Recorded data.
══════════
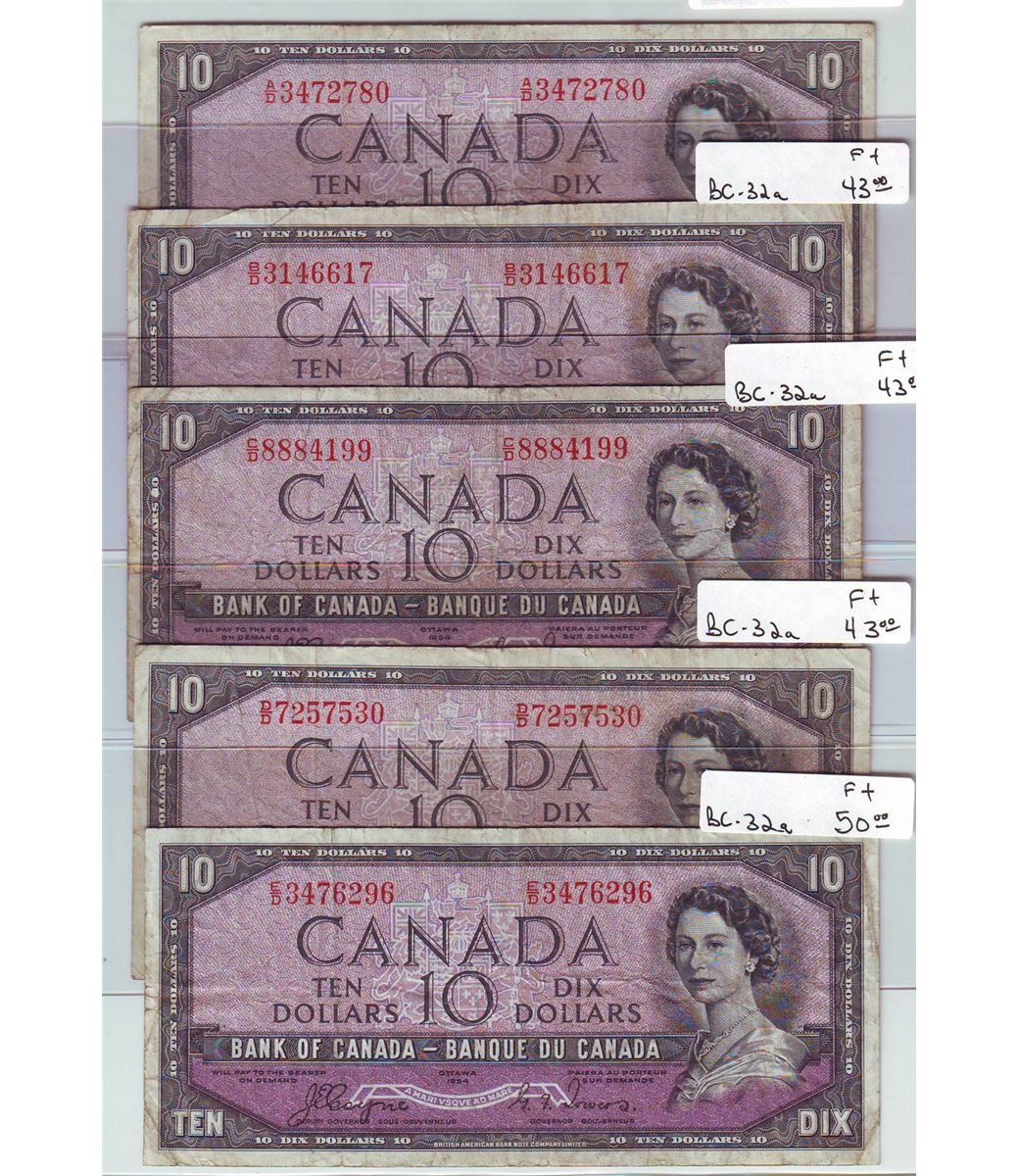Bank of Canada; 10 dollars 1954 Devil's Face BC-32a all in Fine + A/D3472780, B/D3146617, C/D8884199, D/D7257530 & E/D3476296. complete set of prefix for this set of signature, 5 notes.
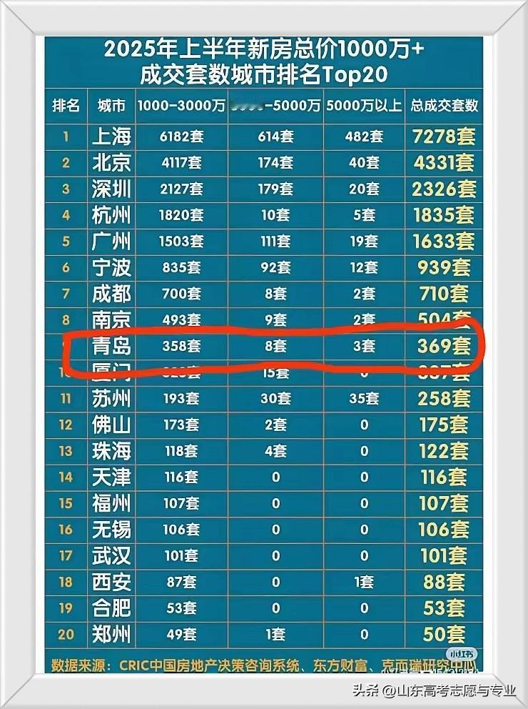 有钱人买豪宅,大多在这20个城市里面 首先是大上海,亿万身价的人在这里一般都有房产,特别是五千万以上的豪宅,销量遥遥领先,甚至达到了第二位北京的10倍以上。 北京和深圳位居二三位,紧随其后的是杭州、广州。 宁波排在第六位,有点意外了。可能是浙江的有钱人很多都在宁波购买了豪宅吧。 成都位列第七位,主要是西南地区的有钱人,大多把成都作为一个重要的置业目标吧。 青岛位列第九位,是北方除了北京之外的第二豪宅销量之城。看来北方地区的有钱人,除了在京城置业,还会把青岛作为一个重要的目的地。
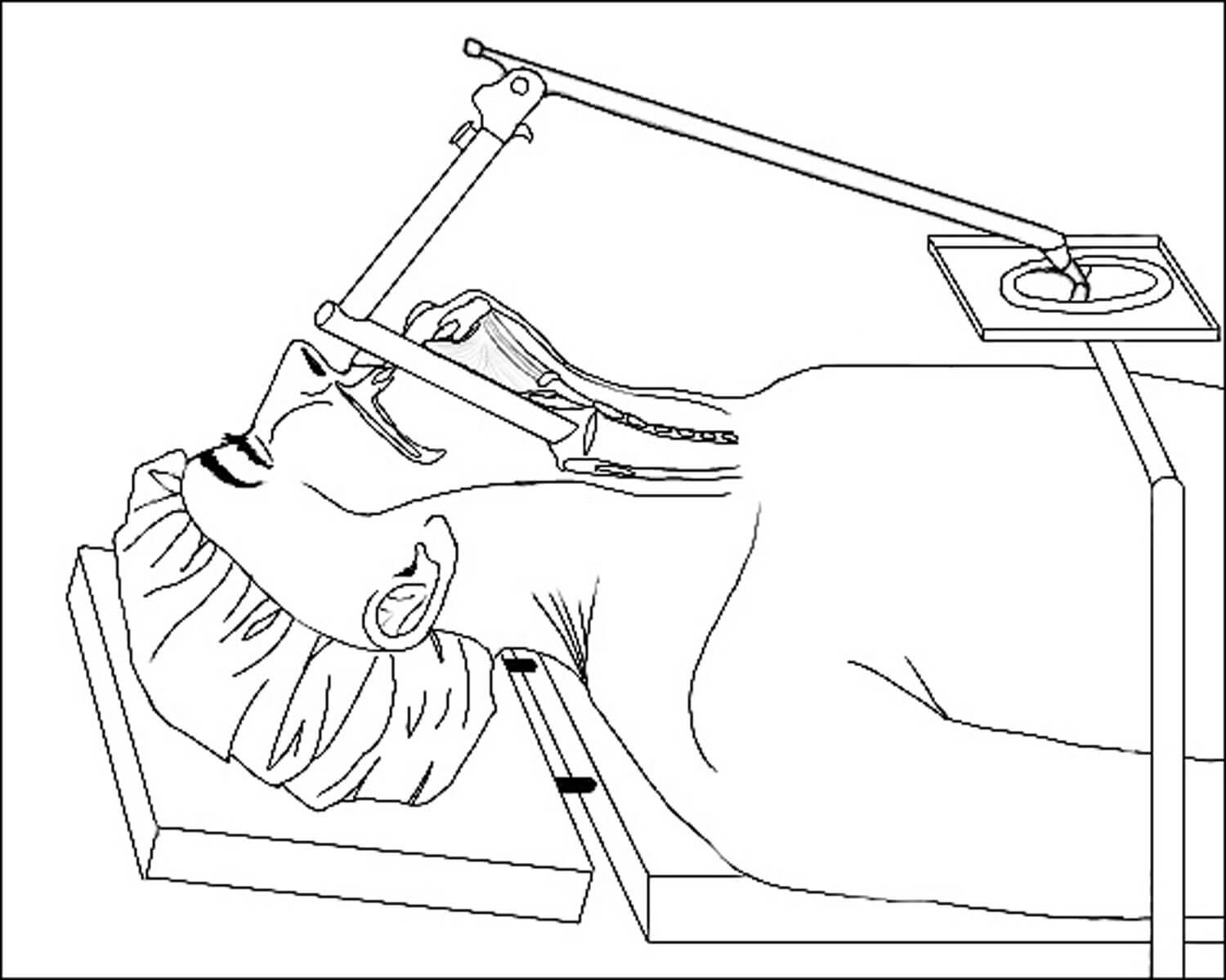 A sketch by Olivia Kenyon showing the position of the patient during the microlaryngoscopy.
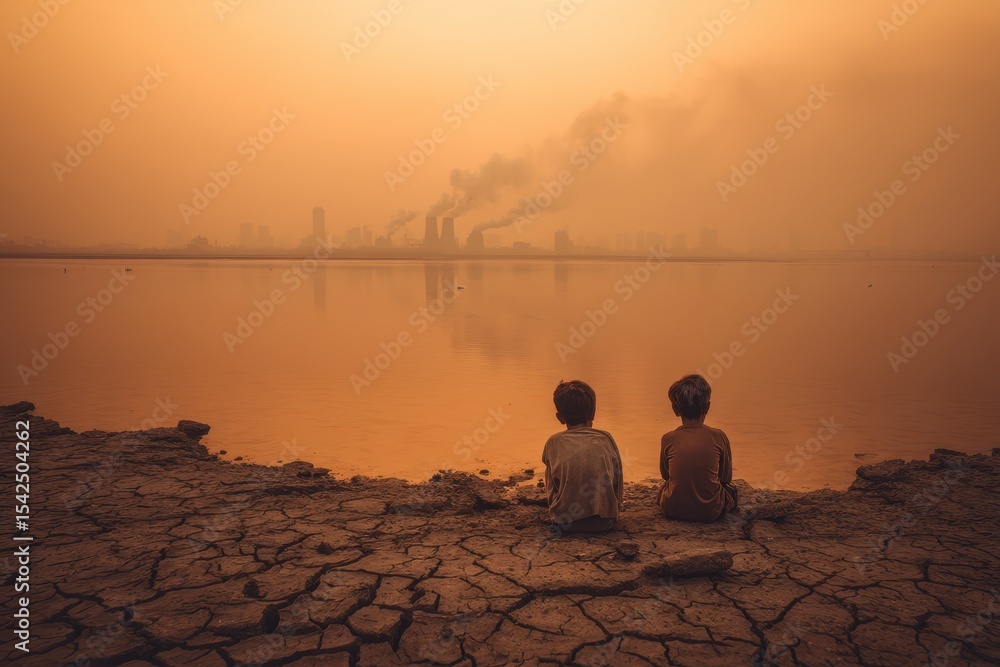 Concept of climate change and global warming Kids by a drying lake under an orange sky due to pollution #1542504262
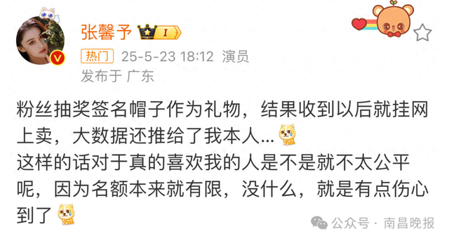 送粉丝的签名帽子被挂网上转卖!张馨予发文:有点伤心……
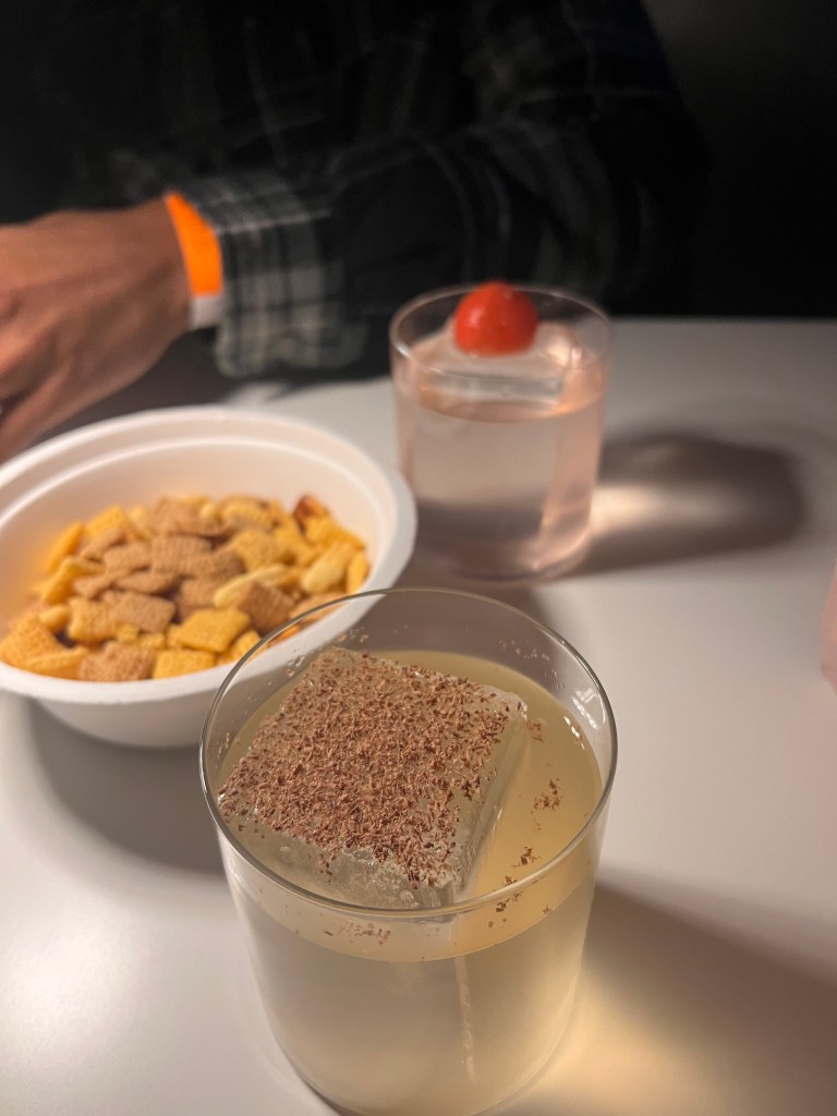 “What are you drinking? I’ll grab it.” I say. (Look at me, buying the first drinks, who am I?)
══════════
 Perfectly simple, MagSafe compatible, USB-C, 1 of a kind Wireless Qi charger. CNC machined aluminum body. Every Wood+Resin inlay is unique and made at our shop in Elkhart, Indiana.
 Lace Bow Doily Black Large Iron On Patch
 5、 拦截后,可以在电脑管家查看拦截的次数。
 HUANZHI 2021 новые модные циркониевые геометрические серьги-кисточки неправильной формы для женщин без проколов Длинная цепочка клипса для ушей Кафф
══════════
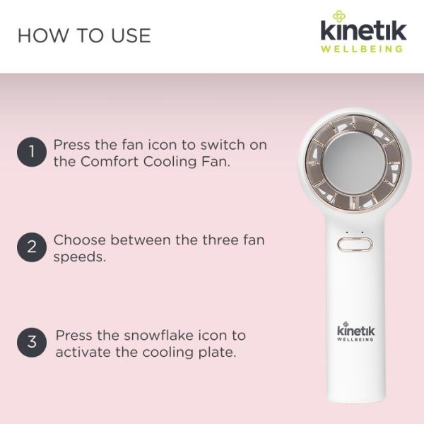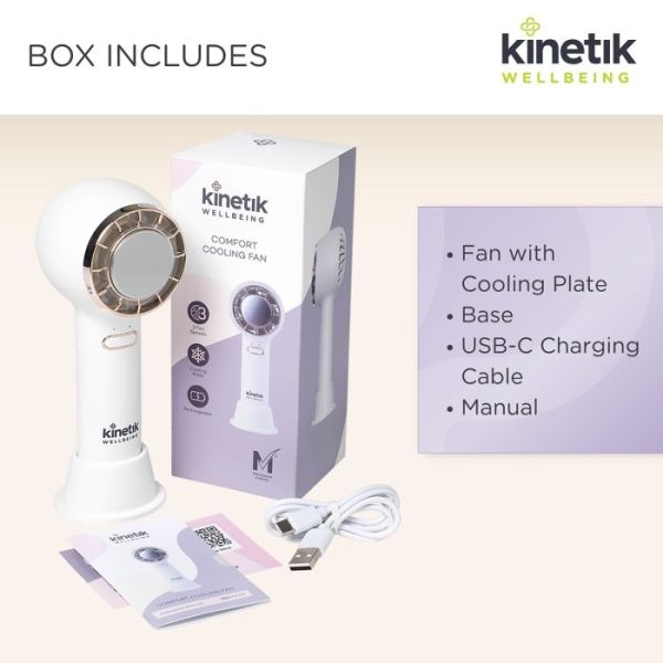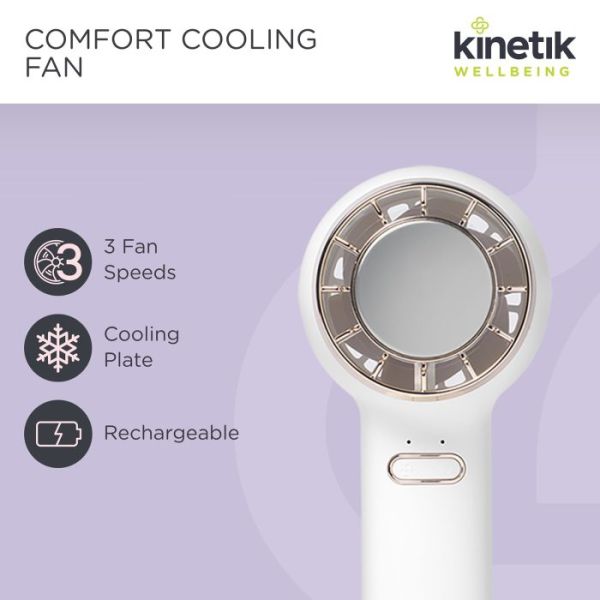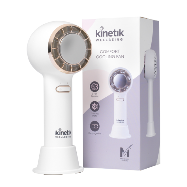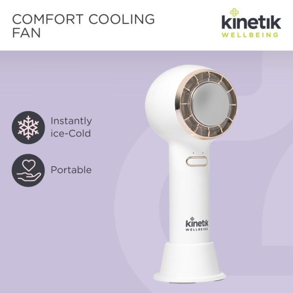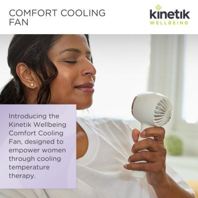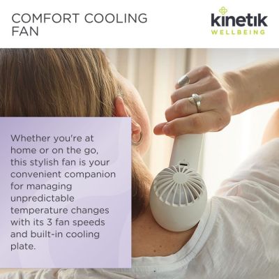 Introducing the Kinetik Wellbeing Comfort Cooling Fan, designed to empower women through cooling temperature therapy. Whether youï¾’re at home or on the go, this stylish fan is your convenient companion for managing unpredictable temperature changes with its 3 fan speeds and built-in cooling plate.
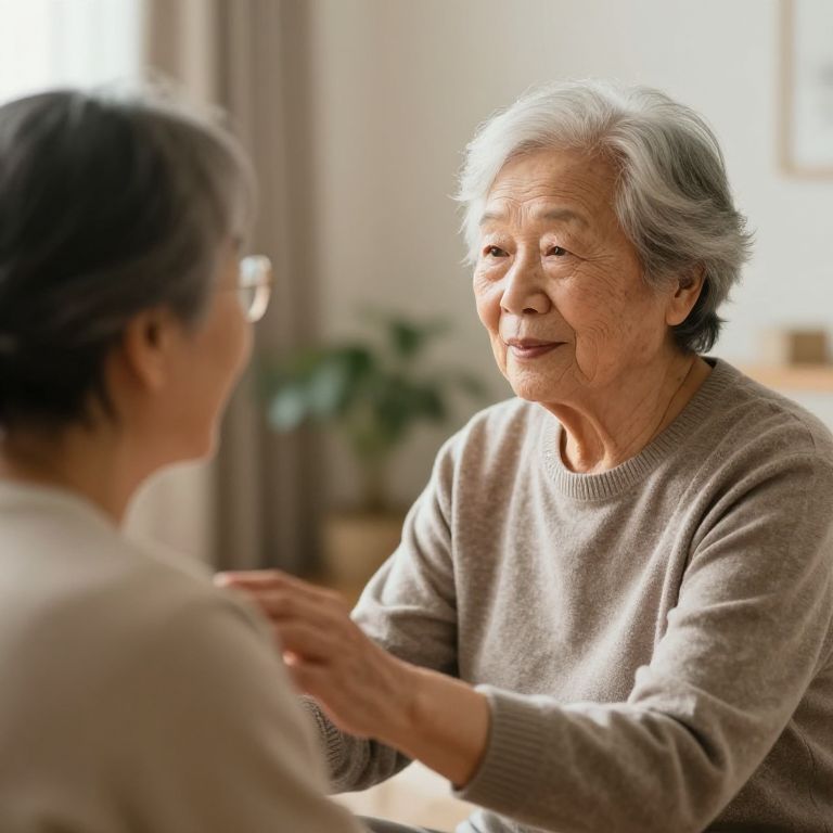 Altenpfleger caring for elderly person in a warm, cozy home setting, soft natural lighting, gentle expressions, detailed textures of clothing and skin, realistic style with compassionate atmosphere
══════════
Task goal. Print, word for word, the lines above that run from the line containing "Bank of Canada;" to the line containing "A sketch by", both included. Keep the pictures out.

Written solution.
Bank of Canada; 10 dollars 1954 Devil's Face BC-32a all in Fine + A/D3472780, B/D3146617, C/D8884199, D/D7257530 & E/D3476296. complete set of prefix for this set of signature, 5 notes.
 有钱人买豪宅,大多在这20个城市里面 首先是大上海,亿万身价的人在这里一般都有房产,特别是五千万以上的豪宅,销量遥遥领先,甚至达到了第二位北京的10倍以上。 北京和深圳位居二三位,紧随其后的是杭州、广州。 宁波排在第六位,有点意外了。可能是浙江的有钱人很多都在宁波购买了豪宅吧。 成都位列第七位,主要是西南地区的有钱人,大多把成都作为一个重要的置业目标吧。 青岛位列第九位,是北方除了北京之外的第二豪宅销量之城。看来北方地区的有钱人,除了在京城置业,还会把青岛作为一个重要的目的地。
 A sketch by Olivia Kenyon showing the position of the patient during the microlaryngoscopy.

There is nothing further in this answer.